0
votes

As I understood, the watermark is is last seen event time - late threshold. So if the last seen event time is 12:11 and the late threshold is 10 minutes the watermark is 12:01. Since 12:01 is later than the window start time of 12:00 it's state is dropped.

But I wrote query:

stream
  .withWatermark("created", "2 seconds")
  .groupBy(
    window($"created", "2 seconds", "2 seconds"),
    $"animal"
  )
  .count()
  .writeStream
  .format("console")
  .outputMode(OutputMode.Update())

And the output:

[2021-02-22 16:06:40.0,2021-02-22 16:06:42.0]:dog
[2021-02-22 16:06:40.0,2021-02-22 16:06:42.0]:owl
[2021-02-22 16:06:40.0,2021-02-22 16:06:42.0]:cat
[2021-02-22 16:06:34.0,2021-02-22 16:06:36.0]:pig

Last event time: 2021-02-22 16:06:41.696 in the window 40-42 sec

Pig time: 2021-02-22 16:06:35.696

Aa you can see, pig exist in window 34-36, but threshold is 2 seconds.

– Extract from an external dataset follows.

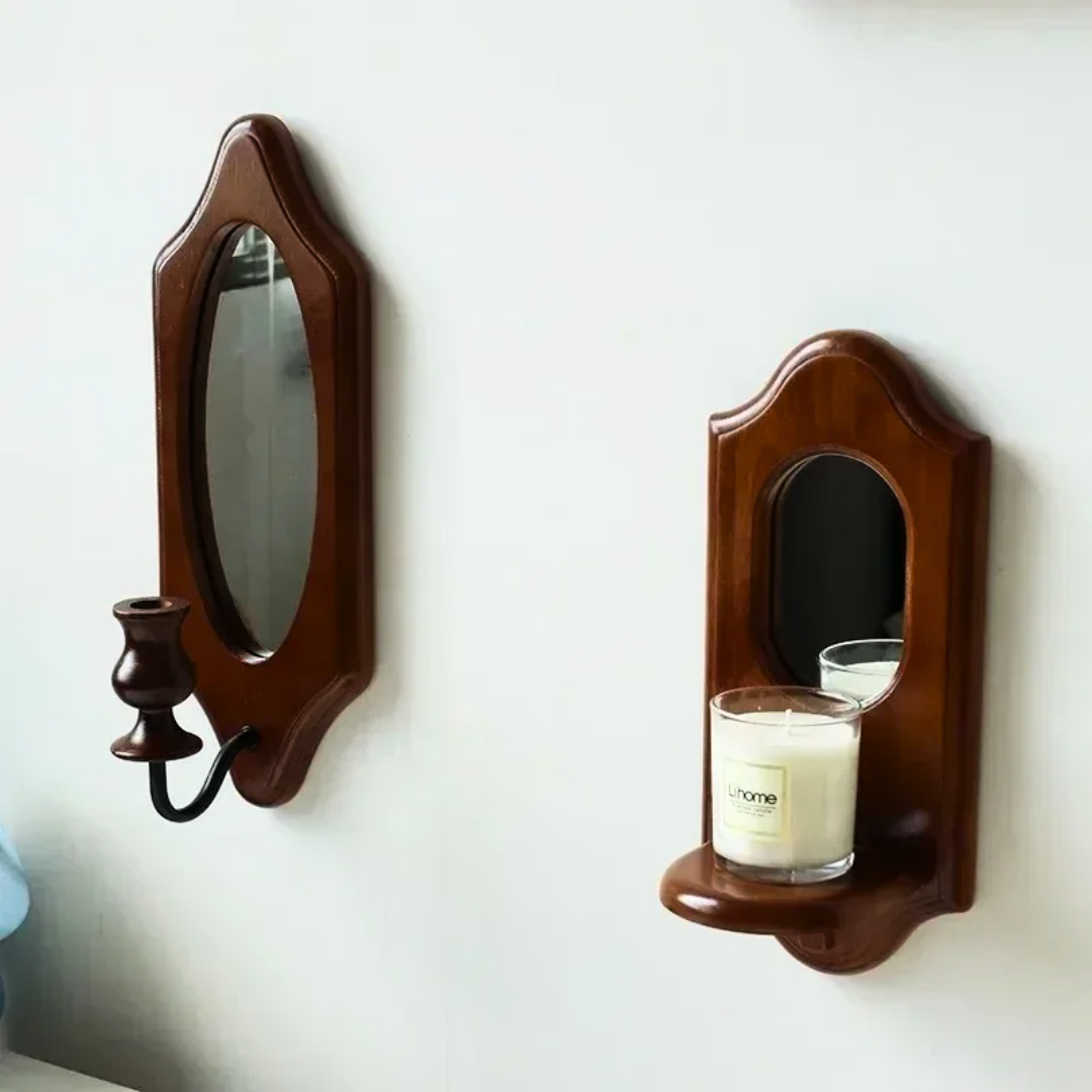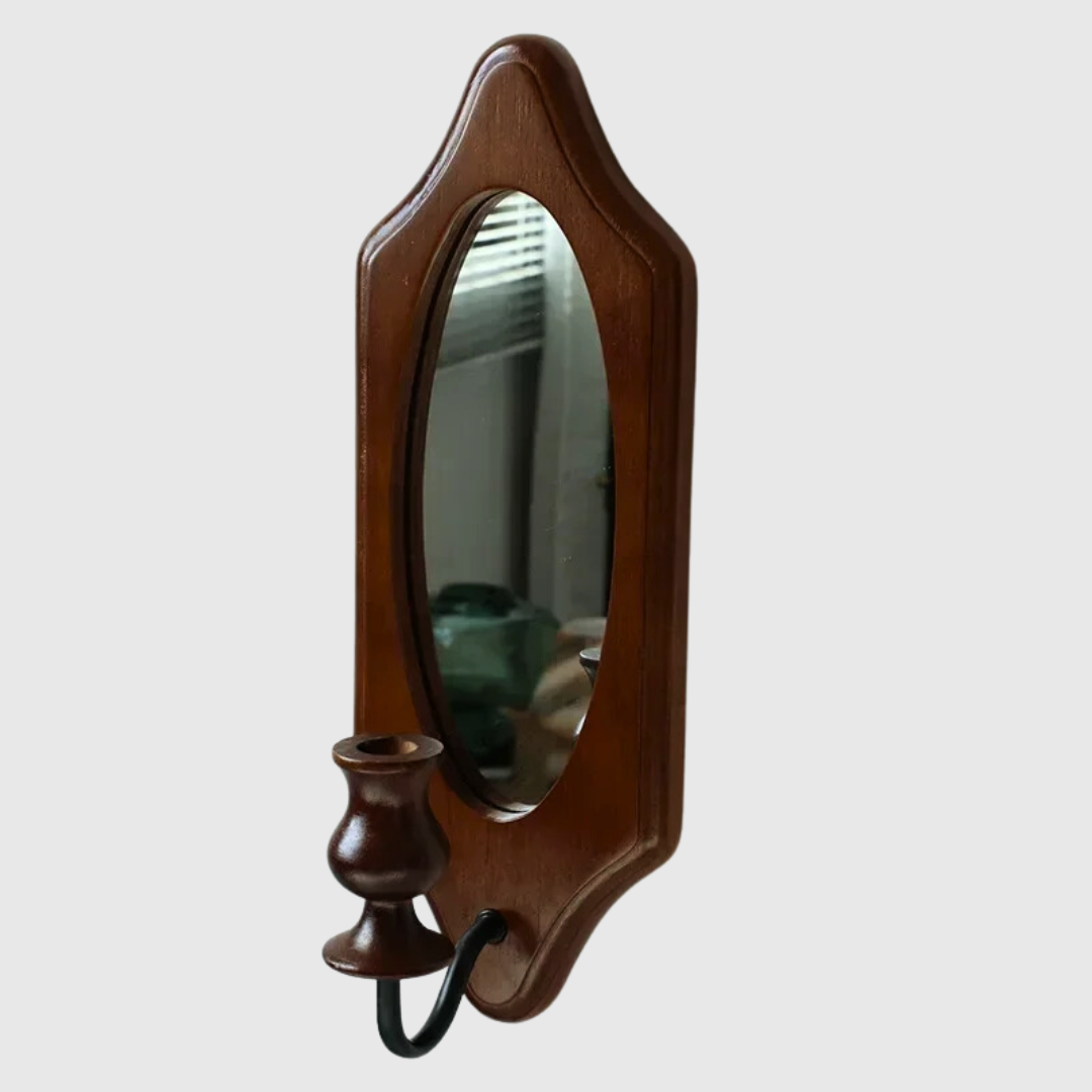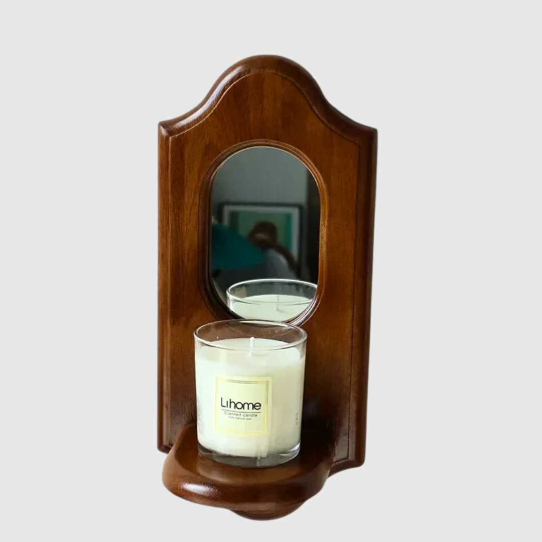 Bask in the warm ambiance created by the mirror adorned with a built-in candle holder. The rich wood finish, imbued with deep, inviting tones, acts as a canvas for the intricate carvings.

Why I can see pig int the output?

Interesting thing: if I push pig at the same time as other events but with the old timestamp, this event is added to the result set. But if the event is pushed after 2 seconds (threshold) with the same timestamp, it will not be shown in the result set.

1

1 Answers

0
votes

I push all data to the stream in one batch. And at that time, there is no watermark yet, that why I can see old event in the result set. If I push some data to the stream, set ProcessingTime, for example 100ms, and after 100ms will push old data, the result will be expected.